If you could find your fucking keys, we could get out of here. You stupid fuck. Please kiss me again.
So you tell him “Her.” and he presses himself against your back and you ache because you aren’t full, you aren’t hurt. He hasn’t actually fucked you yet. It might be another thousand years until he does again.
Where were you at the party? Which room did we meet in? Did you fuck me in the bathroom? Did we ever go on that trip? I’ve got questions, please, please, daddy. Haven’t I been good? Don’t I deserve to know? Why don’t we ever wake up as them? Why do I have to listen to him fuck her? Why is she laughing?
“Don’t make us wait all fuckin’ day!” The him in the other room calls out. “The next card is voyeurism!”
“Yay or nay?”
You eat the rest of the chow mein. The maggots taste like love.
8.
Your son calls you by your name. You haven’t heard it in years.
Daddy’s a photographer, baby. He takes pictures of weddings. He takes pictures of the sky.
“I found more in Pa’s drawer.” He chokes around air, his words coming out in watery gulps. He stares at you through your eyes. You see him without seeing him. You see yourself.

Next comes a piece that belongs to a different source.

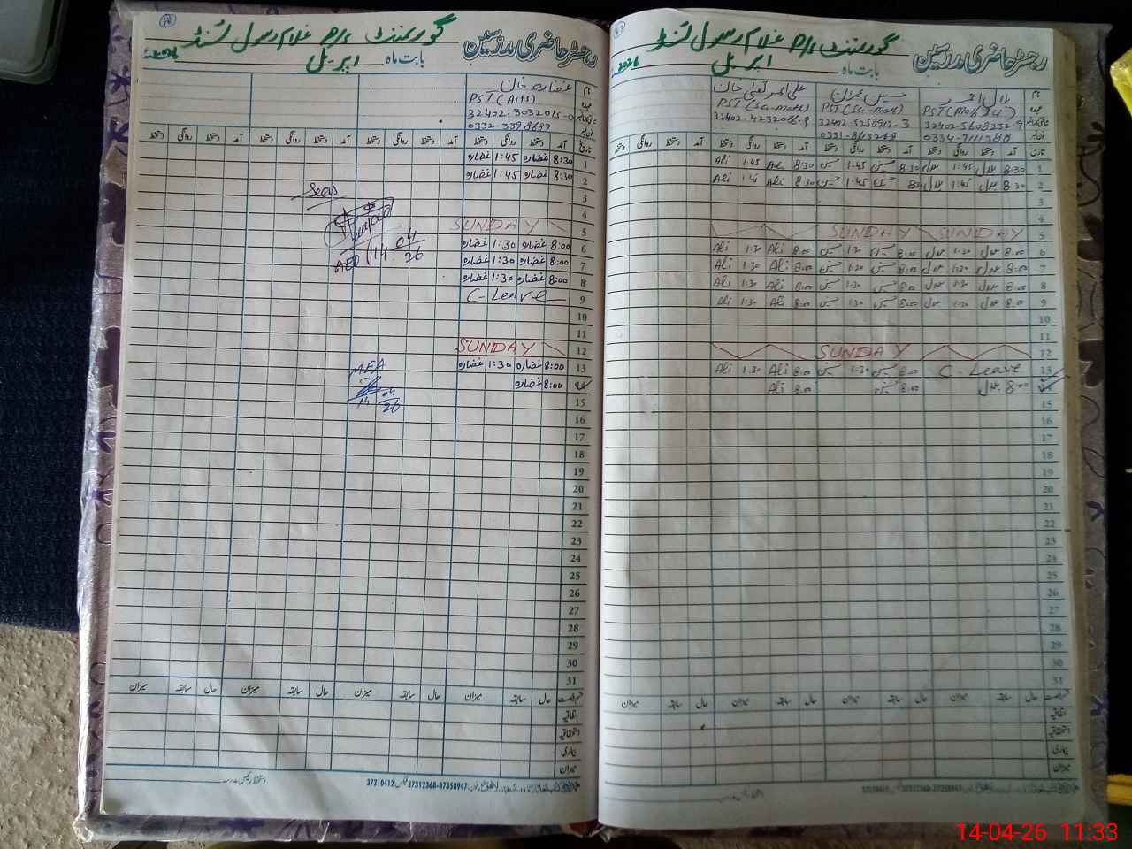 | CNIC | Full Name | Designation | R/C | Absence During Last Calender Month |

“What were you doing in there, baby?” You hear your voice behind you, curled beside your ear. It comes from the door and the window and the wallpaper—and then deeper still, in the core of the house, bleeding.

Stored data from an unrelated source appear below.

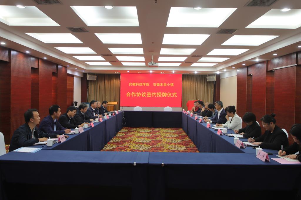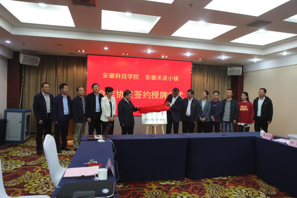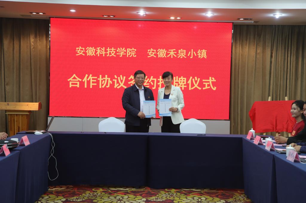 10月13日下午,我校与安徽禾泉小镇合作协议签约授牌仪式在安徽禾泉小镇会议室举行。安徽禾泉小镇董事长蒋保安,总经理付莉莉,副总经理耿珂,我校党委书记蒋德勤,党委委员、副校长李升和,研究生处处长张春雨,食品工程学院院长杜传来,马克思主义学院党总支书记杨仕勇、院长张德化,研究生处副处长靳二辉等出席会议。会议由付莉莉主持。
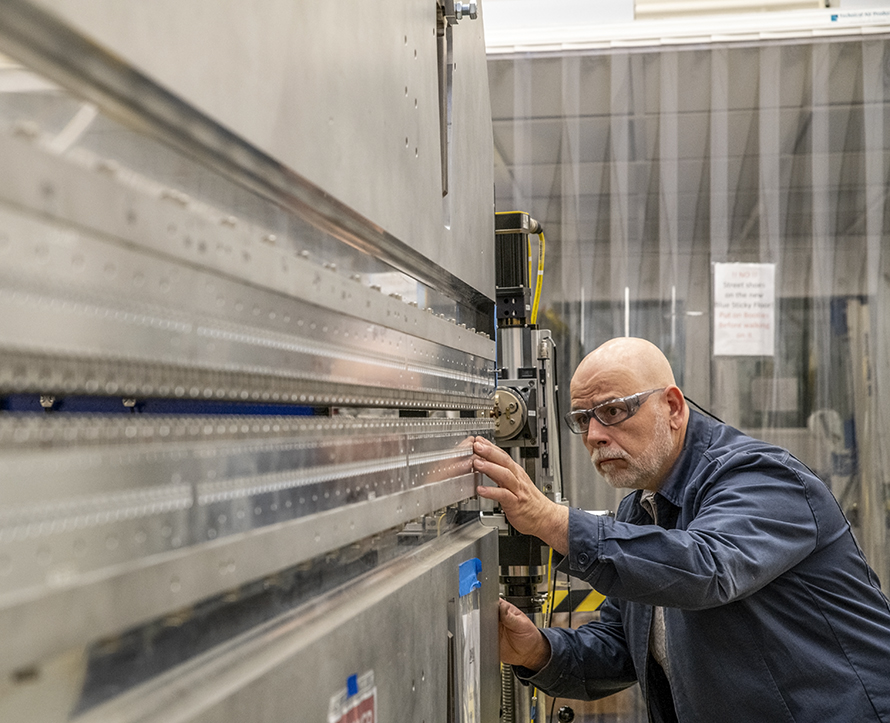 Tom Lipton performs checks on an LCLS-II undulator. The electron beam passes along the length of the device through the gap in the middle. The alternating-polarity blocks of powerful permanent magnets wring photons out of the electron beam in a way that forms intense beams of X-rays for user experiments.
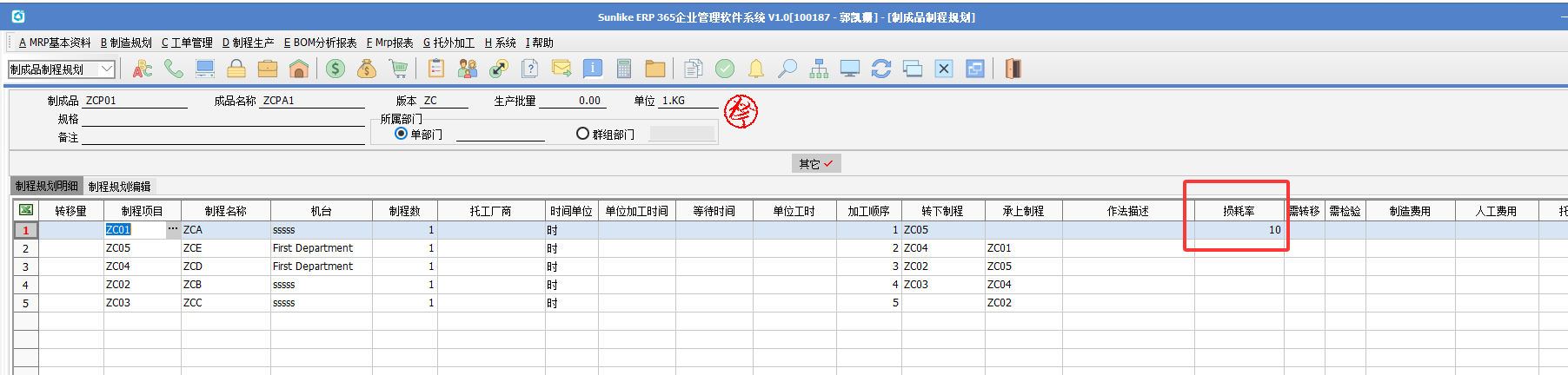 二、制程的損耗率設置 損耗率:制程生產過程中被損耗的數量,此道制程需要多生產的數量,只影響生產通知單表頭的制造數量
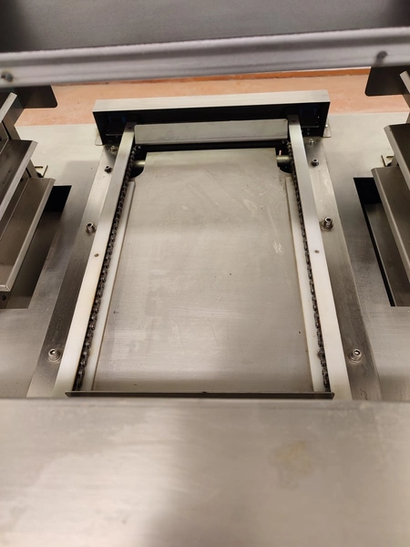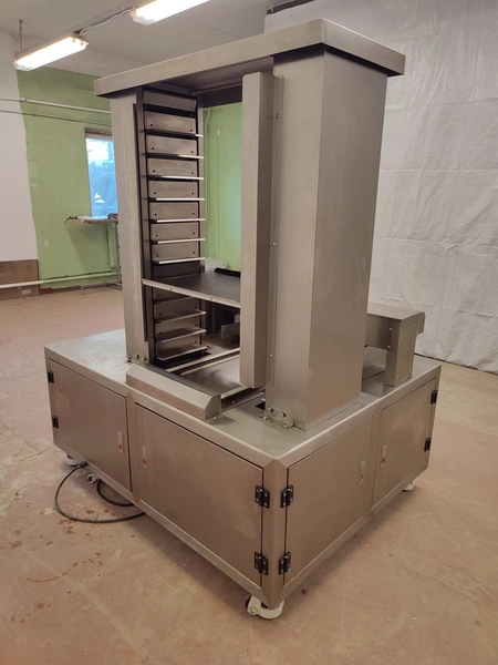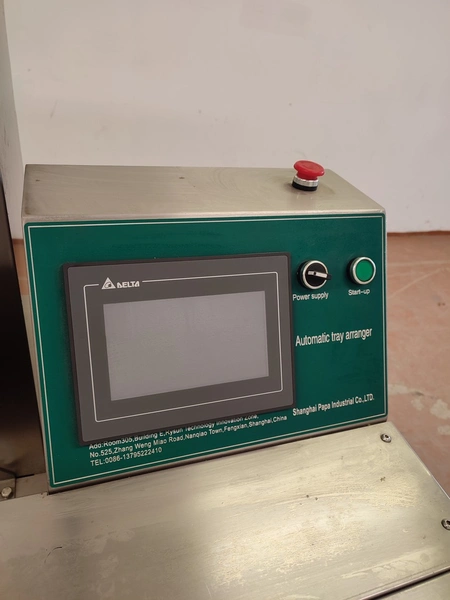 Shanghai Papa Industrial Co.,Ltd automatic tray arranger, model: P168-4, 220/380 V, 50/60 Hz, 2.2 kW, weight: 320 kg, baking tray dimensions: 595 mm x 395 mm, total dimensions: 1850 mm x 1060 mm x 1650 mm.

“I was lookin’ for a gun.”
The floor underneath you splinters and you bottom out. You’re in the caverns snaking under the town and the church pews. You’re not in any of those places, either. The fuzz of television static is back, crowding around you and pushing you between the jagged hopping of the lines as they jitter around your skull.
“Baby.” You gather him into your arms, pulling him into the crook of your neck. He sobs. His grip is too tight. You’ve been here before, but never like this. The static hisses into glittering points of light. The front of your dress is soaked with tears, with the blubber of drool from his mouth as he babbles that
he didn’t know why he did that, because daddy always keeps his guns in the living room, and he knows that, but he went in anyway because maybe he’d forgotten this time—
Your lightning bug boy with baby fat still in his cheeks, skimmed off the edges to make room for a face that began and ended with you. Half-man already, limbs too big for the space he occupied. The remnants of the boy on the roof, a bruise blooming on his cheek. Your heart walking around and growing teeth.

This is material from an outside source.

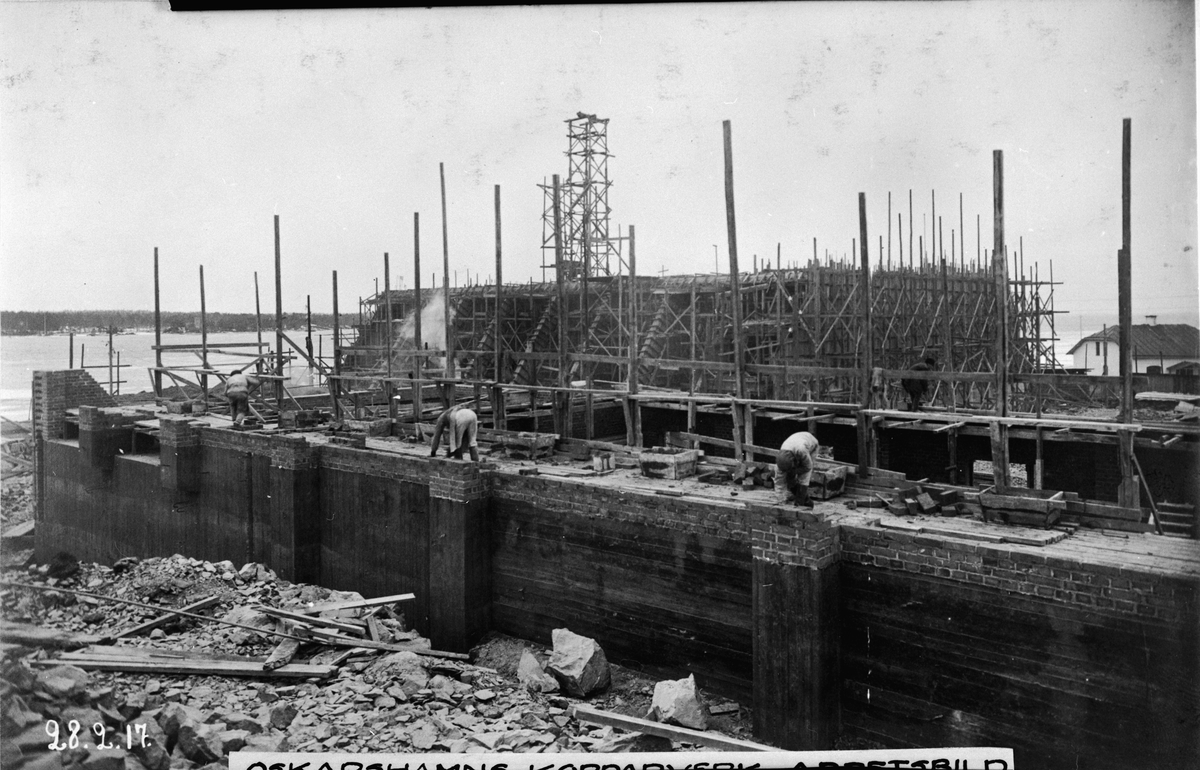 Byggherre: Byggnadsaktiebolaget Contractor, Stockholm. Oskarshamns Kopparverk, arbetsbild.
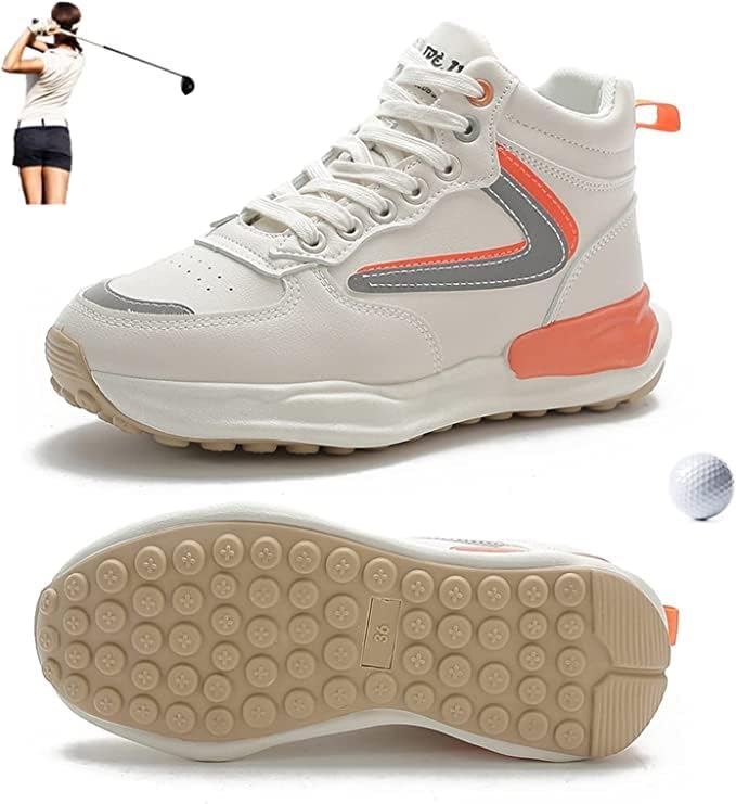 [Zilnuyt] レディースゴルフシューズ女性/女の子のためのゴルフファッションホワイトハイトップゴルフシューズゴルフスパイクレスシューズランニングシューズスニーカーウォーキング靴レディース秋冬スポーツシューズ厚底レディースゴルフスニーカー

—and maybe maybe mama, I could. I could.
I know how.
“Baby. You gotta go put all that back.” Your voice is a whisper of smoke above the treeline.
“How long you been here, mama?”
You can see yourself on the set of drawers over the top of his head. She smiles at you.
9.
You're at the top of the ferris wheel and you ask him if you can stay here. He tells you that you're stupid, that if you stayed here you would die. You're too high up. Eventually all the air would go out of your lungs and the amusement park would fall out from underneath your feet. You stupid slut, take it, choke on it, choke on it for daddy. Keep calling me that, I'm gonna come. Fair season is ending. Everything's gotta end eventually. Except for this, right? You celebrate the harvest, you tuck a cigarette in his back pocket. For luck, for love. If you stayed here, maybe you could see past the top of the trees. Maybe you could see the smoke.
Are you trying to fucking LEAVE me, baby?
Don't leave yet.
Hold your breath. I like being up here with you.
10.
So many gods, but only one church. An old western plays on the theater screen. It's the idea of a different world. This town ain't big enough for the both of us. It never was.